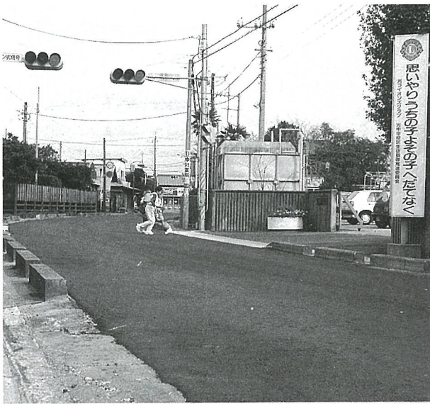
県道拡幅補償工を行う白浜小学校門付近

排水機場の設置を県営事業により行っています。町はこの事業費の5%を負担することとなり、当初予算で750万円を計上したところですが、事業費が増額になったことに伴い、不足が生じたことから550万円を増額しました。 ● 県営かんがい排水事業 (小川台地区・橋場地区) 負担金 総事業費1億4840万円 円の一部を負担
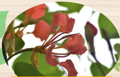
E ベニバナソシンカ
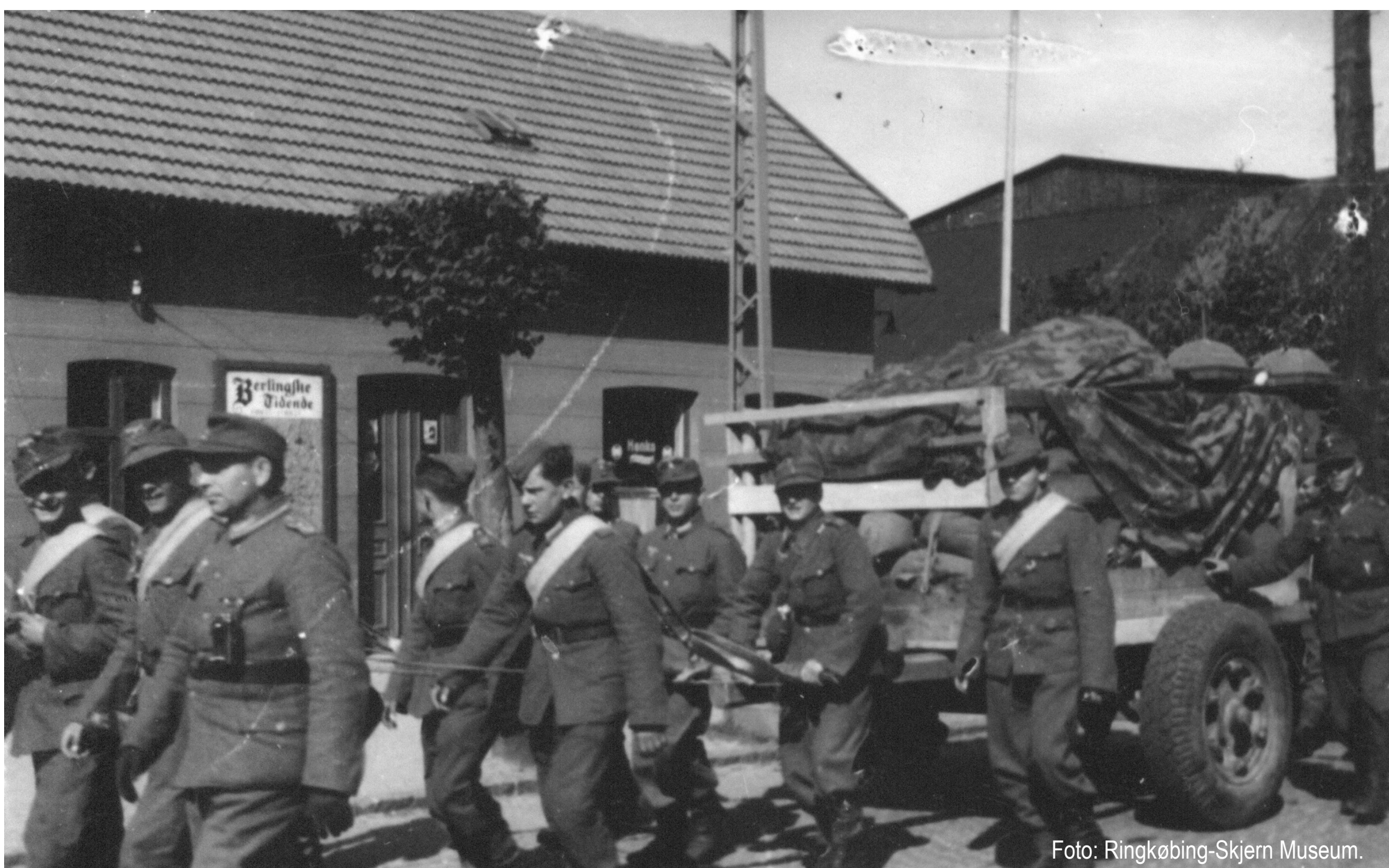
Tyskerne vandrer hjem efter befrielsen 5. maj 1945.

Pansergraven i Skjern udgjorde en del af Hitlers Atlantvold. Den skulle forhindre de allieredes kampvogne i at trænge ind i trafikknudepunktet Skjern.
------------------------------------------------------------
- _Work request_
Please copy out the entries above exactly as they appear, but skip their images.

- _Your response_
県道拡幅補償工を行う白浜小学校門付近

排水機場の設置を県営事業により行っています。町はこの事業費の5%を負担することとなり、当初予算で750万円を計上したところですが、事業費が増額になったことに伴い、不足が生じたことから550万円を増額しました。 ● 県営かんがい排水事業 (小川台地区・橋場地区) 負担金 総事業費1億4840万円 円の一部を負担
E ベニバナソシンカ
Tyskerne vandrer hjem efter befrielsen 5. maj 1945.

Pansergraven i Skjern udgjorde en del af Hitlers Atlantvold. Den skulle forhindre de allieredes kampvogne i at trænge ind i trafikknudepunktet Skjern.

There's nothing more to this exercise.